Redline Racing is a British racing team that is currently competing in the Porsche Carrera Cup Great Britain and are defending team and drivers champions. They have previously competed in the Porsche Supercup between 2007 and 2008.

Early history
Redline Racing, established in 1995, made its first entry in the arena of motorsport racing in April 1997 by competing in the Michelin Porsche Cup. Having a 4-year racing experience Redline Racing entered the British National Porsche Carrera Cup in 2001, racing Porsche GT3s. They finished in second place in the championship that year and they repeated that success in 2003 and also 2005.

Porsche Carrera Cup GB
Redline Racing joined the newly formed Porsche Carrera Cup Great Britain in its 2003 début season and has been one of the most successful teams in the championship, winning six teams' titles and six drivers' titles.

Their first championship success came in 2004 when after a long and difficult racing season, they conquered first place and won the team championship for the first time along with driver Richard Westbrook who won the driver's championship.

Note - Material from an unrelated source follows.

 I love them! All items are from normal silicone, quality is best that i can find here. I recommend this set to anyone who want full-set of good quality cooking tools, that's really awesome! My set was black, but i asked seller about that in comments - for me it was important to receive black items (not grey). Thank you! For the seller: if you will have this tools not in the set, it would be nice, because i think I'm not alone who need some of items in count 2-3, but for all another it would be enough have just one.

Their form continued, with the team narrowly missing out on championship spoils in 2005 and 2006 when Redline's driver lineup consisted of Nigel Rice, Jason Young and Faithless lead singer  Maxi Jazz along with regular star Richard Westbrook racing in the Team Irwin sponsored car. However, due to Westbrook's Supercup commitments the car was handed over to Danny Watts who, initially, substituted for Redline in the races Westbrook could not attend. Ultimately, Watts finished third in the championship with ten wins out of 16 starts, the most wins of the season.

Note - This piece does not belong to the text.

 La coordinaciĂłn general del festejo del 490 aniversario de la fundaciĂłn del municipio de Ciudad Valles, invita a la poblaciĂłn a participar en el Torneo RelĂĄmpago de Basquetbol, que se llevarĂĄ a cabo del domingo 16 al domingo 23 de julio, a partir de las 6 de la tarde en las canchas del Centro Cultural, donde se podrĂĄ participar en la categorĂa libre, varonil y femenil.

The 2007 season was another big year for the team after securing the drive of 1992 British Touring Car champion Tim Harvey from rivals Motorbase Performance and Formula Renault UK race-winner James Sutton to join Pro-Am vice champion Nigel Rice and Maxi Jazz, the team managed to secure the double by winning the Teams' championship and Sutton winning the drivers' crown. The Pro-Am championship was dominated by Nigel Rice, who won 14 Pro-Am race wins and 17 podiums out of a possible 20. The feet was repeated in 2008 with Harvey taking the drivers championship after five wins over the season.

A lull in 2009 where Sutton missed out on championship glory by four points after missing the opening round of the championship, spurred the team on to dominate 2010, 2011 and 2012 championships, winning both drivers' and teams' title each time.

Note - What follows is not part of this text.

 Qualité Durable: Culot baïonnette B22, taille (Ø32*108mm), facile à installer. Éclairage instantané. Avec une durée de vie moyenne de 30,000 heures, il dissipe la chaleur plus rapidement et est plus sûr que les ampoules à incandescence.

For the 2013 campaign, Redline brought in 2010 FIA Formula Two Championship champion Dean Stoneman to lead the team. Stoneman, who is making his racing return after being diagnosed with testicular cancer in 2011, is currently third in the championship at the half way point of the season with three wins to his name.

Porsche Supercup
During 2007, Redline Racing moved into the Porsche Supercup under the title banner of Team IRWIN SAS (title sponsorship coming from Irwin Industrial Tools and SAS Group). David Saelens and Marc Hynes were the team's driver, finishing in sixth and eleventh place respectively in the overall standings.

The team continued into 2008 season, this time under the Team IRWIN banner. Hynes was replaced with Patrick Huisman who outperformed Saelens to finish fourth in the championship (Saelens only managing 12th place in the final standings).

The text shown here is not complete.